05/24/13 2:04pm

Uncle John’s hot links are revelatory.

Saveur’s Editor-in-Chief James Oseland finds the best in-flight meal ever, the bibimbap from Korean Airlines.

The madmen over at the Lower East Side’s Eastwood have created a falafel scotch egg. What would Clint think?

Nick Solares, aka Beef Aficionado continues to make me hungry with an in-depth look at Porterhouse’s steak program. Three words: dry-aged fat baste.

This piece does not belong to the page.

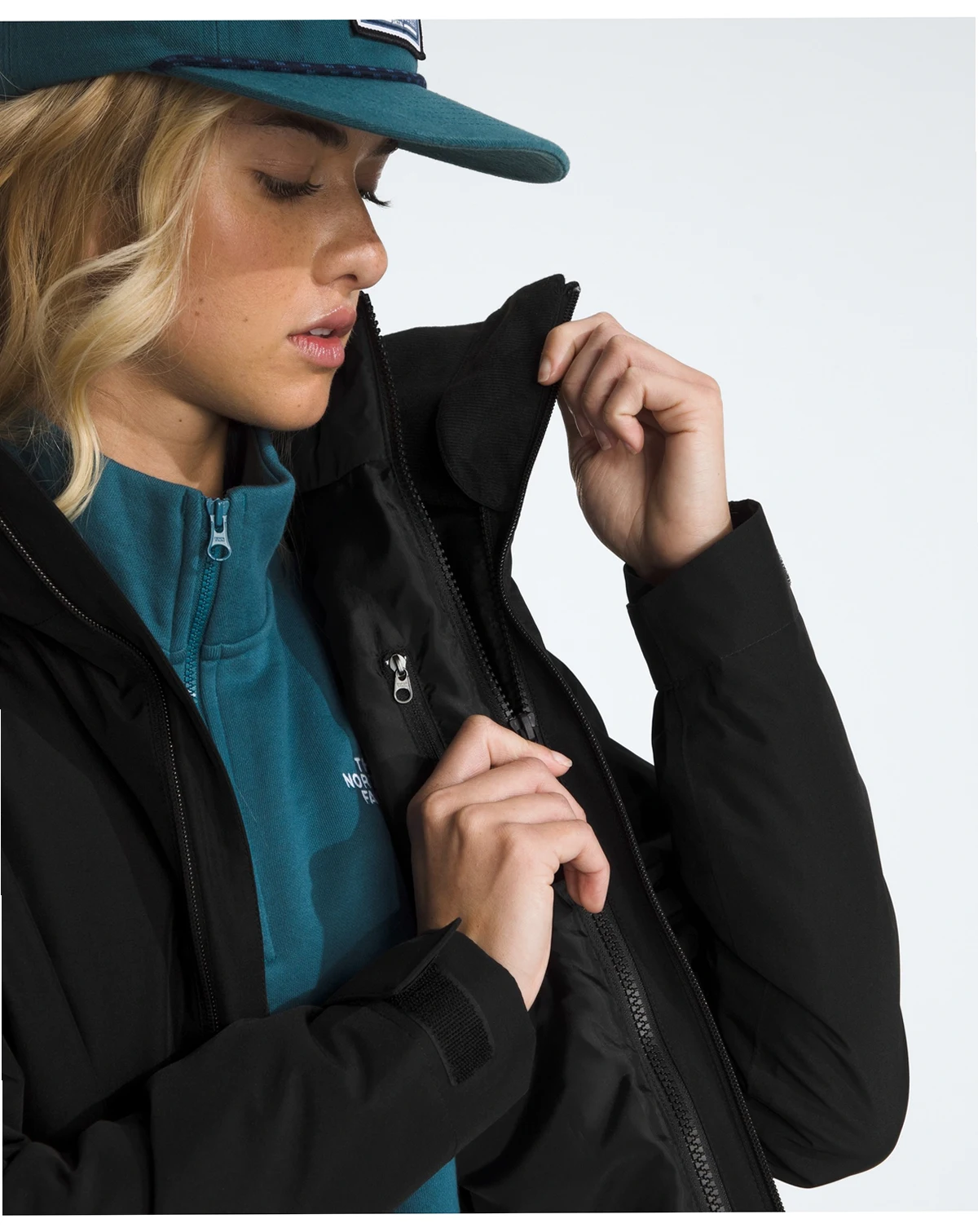 Wintry conditions meet versatile performance in this triclimate jacket from The North Face, pairing a waterproof mono shell with a warm insulated liner. Snap-in compatibility allows separate wear based on weather, while the adjustable hood delivers customizable coverage.

And just in time for Memorial Day meat maven Josh Ozersky pens a Wall Street Journal piece on the New ‘Cue, which includes such wonders as the smoked marrow pho with brisket and house-made spicy Thai sausage at San Francisco’s Hi-Lo BBQ.

The kids over at Home Sweet Queens catch a case of momo fever after the Second Annual Momo Crawl.

Early this week Texas Monthly’s Daniel Vaughn the mag’s barbecue editor, issued “A Declaration of Barbecue War,” which includes such provocative statements as “Texas barbecue has no peer on earth.” There’s also a companion piece wherein Vaughn spars with John Shelton, an expert on North Carolina barbecue. Check out Shelton’s takedown of chain barbecue restaurants: ”pick-your-meat, pick-your-sauce, mix-and-match International House of Barbecue places that are increasingly common in our cities. True, they’re in North Carolina or Texas and they’re serving what they call barbecue, but it’s not North Carolina barbecue or Texas barbecue; it’s food from nowhere, for people from nowhere, who deserve nothing better.”

Robert Moss, a proud Carolinian fires back at Texas Monthly: “I could go on about the numerous contradictions and inconsistencies inherent in Texas Monthly’s barbecue jingoism, but here in the Carolinas, we try to be gracious. When we go to visit friends and they insist their 9-year-old daughter play us her latest recital piece on the violin, we clap when she finishes and murmur warm words about how well she played, considering her young age. If Mr. Vaughn or Ms. Sharpe offered us a plate of brisket or beef ribs from Snow’s or the Pecan Lodge, we would accept it graciously and say at the end of the meal, ‘My, that roast beef sure was tasty.’ Because our mamas raised us to be polite.”